Adding sensors to a lora node


(Nidaros) #1

Hi all,

I'm new to the LoRaWAN network, I've succesfully setup my gateway and a node.

For the gateway im using a rasperry pi with a Dragino Lora/GPS hat. And for my node I use an Arduino UNO with a Dragino Shield.

I recently bought a 36 in 1 sensor kit for the Arduino. I've setup most of the simple sensors, including the analog temperature sensor, it seems to work just fine.

I've done some google searches and I can't seem to find any detailed instructions on how to send sensor data to LoRa WAN.

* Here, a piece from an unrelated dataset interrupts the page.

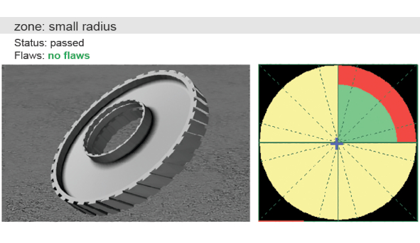 The laser scanning and flaw detection test bench ROBOSCOP VTM-5000/DISK is designed for the non-destructive testing of aircraft engine parts, which product range is variable by type and size.

Can anyone help me with this?

This is my temp sensor script:

#include <math.h>
 
int sensorPin = A5; // select the input pin for the potentiometer
 
double Thermistor(int RawADC) {
  double Temp;
  Temp = log(10000.0*((1024.0/RawADC-1))); 
  Temp = 1 / (0.001129148 + (0.000234125 + (0.0000000876741 * Temp * Temp ))* Temp );
  Temp = Temp - 273.15;            // Convert Kelvin to Celcius
   //Temp = (Temp * 9.0)/ 5.0 + 32.0; // Convert Celcius to Fahrenheit
   return Temp;
}
 
void setup() {
 Serial.begin(9600);
}
 
void loop() {
 int readVal=analogRead(sensorPin);
 double temp =  Thermistor(readVal);
 
 Serial.println(temp);  // display tempature
 //Serial.println(readVal);  // display tempature
 
 delay(500);
}

I hope to find some information from the real experts here :slight_smile:

  • Stijn

(Nidaros) #2

Bump

How to send payload from a sensor over LoRa?


(Rustie0125) #3

You need to use a Lorawan library, im not sure if the Dragino Shield bboard comes with its own library but i used this guide and setup, all you need todo is change your pins to match the UNO.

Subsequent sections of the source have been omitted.